United States Army general

Ellis W. Williamson (June 4, 1918 – January 28, 2007) was a United States Army Major General who served in World War II, the Korean War and the Vietnam War. He led the 173rd Airborne Brigade, the first US Army unit to deploy to South Vietnam and later commanded the 25th Infantry Division there.

==Early life and education==
Williamson was born in Raeford, North Carolina on 4 June 1918. During high school he joined the 120th Infantry Regiment, part of the North Carolina National Guard.

Williamson graduated with a Bachelor of Arts degree from Atlantic Christian College in 1940, an MBA from Harvard Business School in 1962, and a masters degree from George Washington University.

==Career==
===World War II===
Williamson was commissioned as a Second Lieutenant in March 1941 and with the US entry into World War II, the 120th Infantry was federalised and sent for overseas service.

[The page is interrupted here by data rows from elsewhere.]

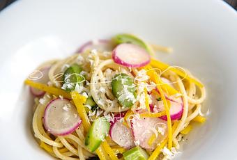 Pour faire la pâte à pâte : dans un bol, tout mélanger à la main pour obtenir une pâte non collante, au besoin, ajouter un peu d’eau ou de farine (cela dépend surtout de la taille de votre œuf) Former une boule, mettre dans du papier sulfurisé et laisser reposer au frigo 30min. C’est beaucoup plus simple avec un laminoir pour faire des pâtes, mais cela peut aussi jouer à la main. Sur un plan de travail fariné, étendre la pâte très finement au rouleau, puis à l’aide d’un bon couteau, faire des nouilles/spaghetti (plus facile de faire des nouilles à la main). Sinon à l’aide du laminoir, passer plusieurs fois la pâte pour obtenir une pâte bien fine (position 7 sur mon modèle) puis passer à l’ustensile spaghetti. Bien fariner les pâtes fraîches pour qu’elles ne collent pas ensemble ! Préparer les légumes : Pour les radis et la carotte, oignon nouveau, le passage à la poêle suffit, j’aime bien garder leur croquant ! Pour les asperges, une cuisson à l’anglaise (cuite à l’eau salée) et préférable pour avoir des légumes encore croquants, mais pas trop. Juste avant de cuire les pâtes, faire revenir les légumes dans une poêle avec une petite noix de beurre. Saler et ajouter le romarin (avec parcimonie, c’est une herbe puissante !) Faire chauffer un grand volume d’eau salée et faire cuire les pâtes al dente (2-3min, il faut goûter) et égoutter. Il faut que les légumes soient prêts à ce moment-là pour tout mélanger et servir sans attendre. Finir avec un peu de poivre, de parmesan et une tombée d’huile d’olive ! Simples pâtes, mais que c’est bon ! Copyright ©: Mes photos et mes textes sont protégés par un contrat Creative Commons. Merci de lire les conditions et de les respecter !
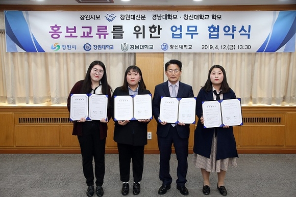 창원시 시정 소식지인 창원시보와 3개 대학교(경남대학교, 창신대학교, 창원대학교) 학보사는 지난 12일 홍보 교류를 위한 협약식을 가졌다.
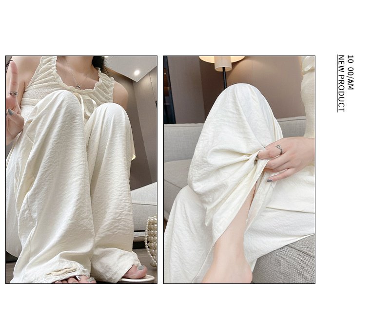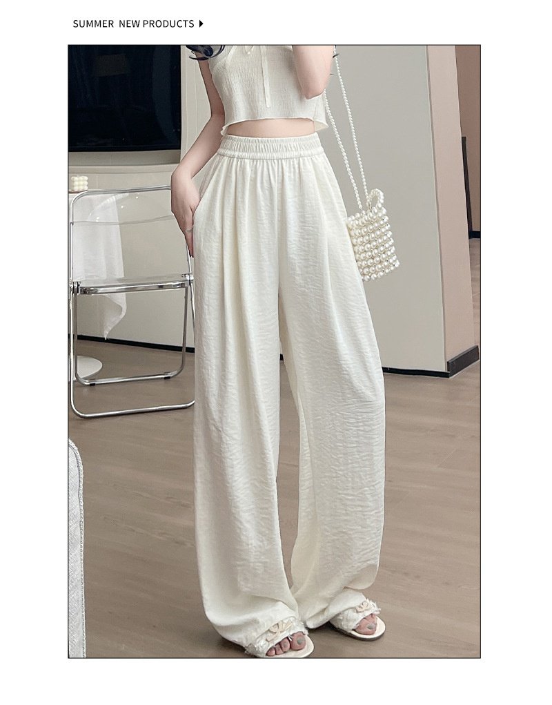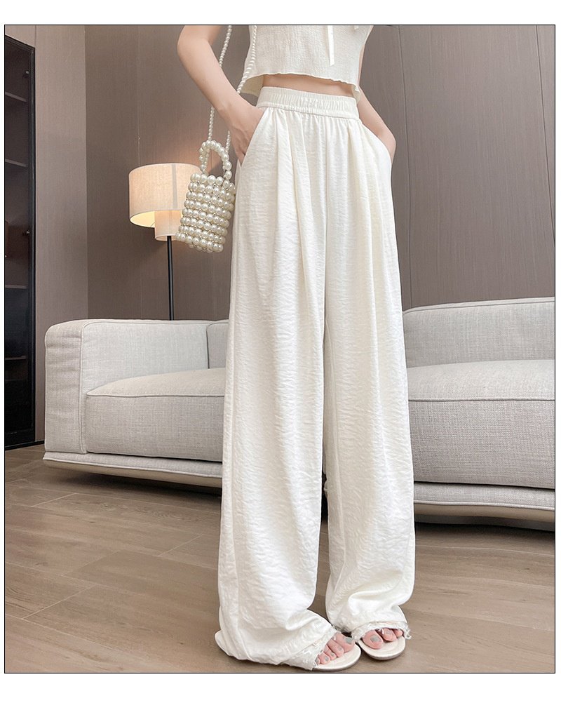 クリームムースヤマモト パンツ レディース 夏 カジュアル 多用途 ドレープ クリーム パンツ テクスチャード レイジー アイスシルク ワイドレッグパンツ

In January 1945 Williamson, now a lieutenant colonel led the 1st Battalion of the 120th Infantry during the Battle of the Bulge.

===Post World War II===
Williamson graduated from the Command and General Staff College in 1950 and was assigned to the headquarters of X Corps in Korea.

===Korean War===
As the Assistant Operations Officer of X Corps, Williamson participated in the Inchon landings.

===Post Korean War===
Williamson took command of the 13th Infantry Regiment at Fort Carson, Colorado, in 1956. In 1959 he was appointed Chief of the Training Division, Headquarters, 7th U.S. Army. He then attended the National War College.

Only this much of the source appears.